A ‘sophisticated’ conman duped family friends into shelling out £600,000 on a sports betting ‘Ponzi scheme’ – before lavishing their money on himself.
Richard Evans, 41, was jailed for a seven-year scam which saw him convince 14 people they would make huge returns on an elaborate ‘spread betting’ operation.
The victims left out of pocket when the venture went ‘catastrophically wrong’ included a teacher who lost an inheritance she had been left by her father at the age of 11.
Most of the investors were ‘lifelong friends’ of Evans’s parents and struggled to believe someone they had known for years could defraud them, Portsmouth Crown Court heard.
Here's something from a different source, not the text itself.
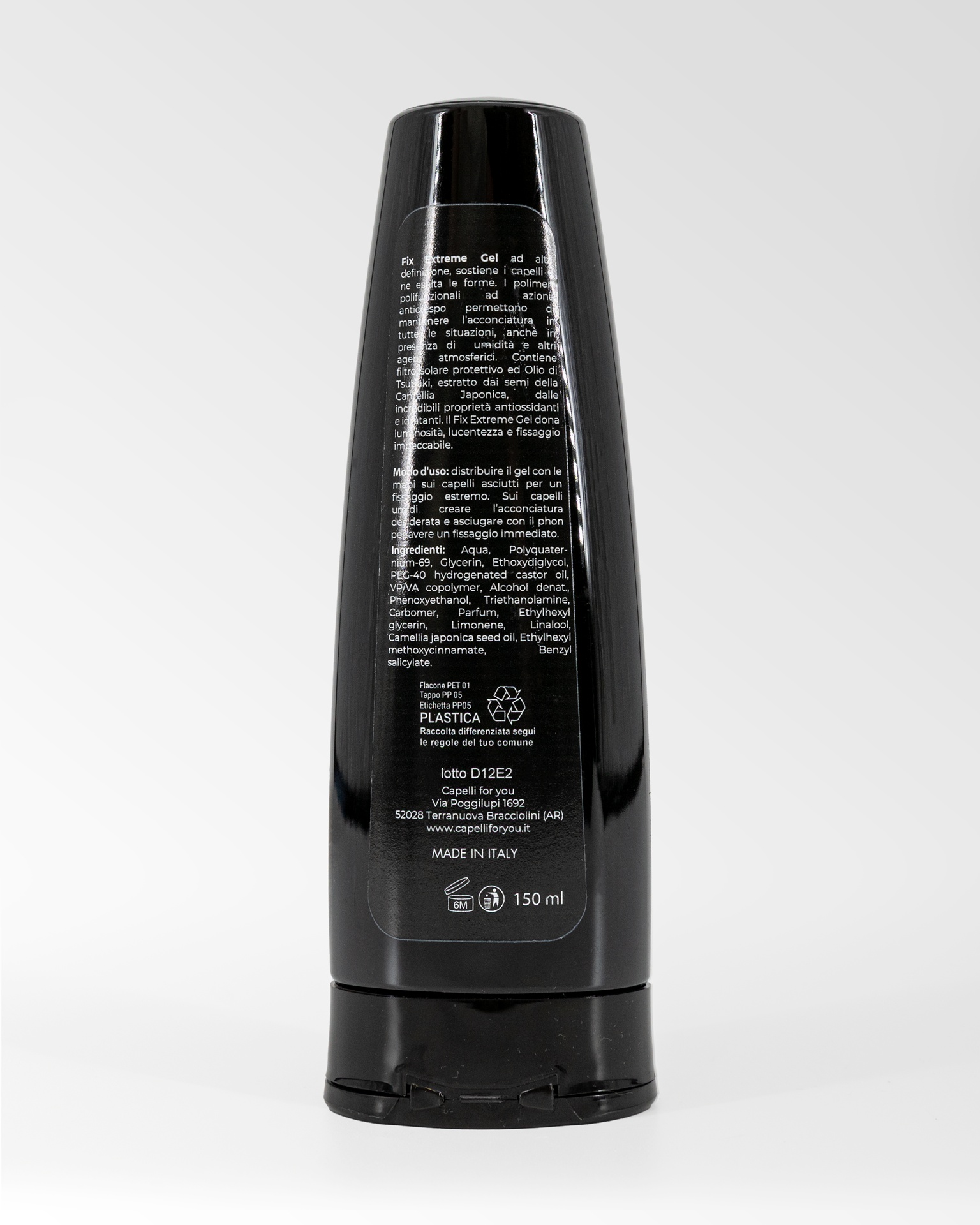 Modo d’uso: distribuire il gel con le mani sui capelli asciutti per un fissaggio estremo. Sui capelli umidi creare l’acconciatura desiderata e asciugare con il phon per avere un fissaggio immediato.

Evans, a father-of-two, has now been jailed for four-and-a-half years after pleading guilty to nine counts of fraud and two counts of money laundering.
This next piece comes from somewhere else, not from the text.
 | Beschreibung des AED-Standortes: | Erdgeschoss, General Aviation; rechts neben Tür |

Passing sentencing, Recorder Jaron Crooknorth said Evans should be ‘ashamed’ of his actions and the impact on the families he defrauded.
He said: ‘Although money was used to place bets it could not be called investing, there were no true profits, you made annual statements to induce more money.
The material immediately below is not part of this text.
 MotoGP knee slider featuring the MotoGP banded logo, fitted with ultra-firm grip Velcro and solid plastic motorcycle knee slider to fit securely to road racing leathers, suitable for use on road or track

‘I do not accept there was little or no planning, this was sophisticated.
‘This took place over a significant period, your actions were dishonest even if it did not start that way.’

Richard Evans, 41, was jailed for a seven-year scam which saw him convince 14 people they would make huge returns on an elaborate ‘spread betting’ operation

Most of the investors were ‘lifelong friends’ of Evans’s parents and struggled to believe someone they had known for years could defraud them
Evans told his victims they could make money through a ‘sophisticated’ scheme focused on spread betting, where gamblers bet on if the outcome of a match will be higher or a lower than a potential range of likely scores.
The court heard that the investors signed a contract which promised a 15 per cent return on their investment guaranteed by Evans’ wealthy business partner.
They were told their money would be invested through a company called Sports Trust, which did not exist.
But the plan – which began in 2014 – was ‘inevitably’ going to fail and he was left without the money to repay investors, prosecutors said.
He ‘frittered away’ the money, which went straight into his bank account, on bars and restaurants as well as using it to pay his mortgage.
In one family he targeted, both parents and their two adult children invested in the scheme and lost £225,050 between them.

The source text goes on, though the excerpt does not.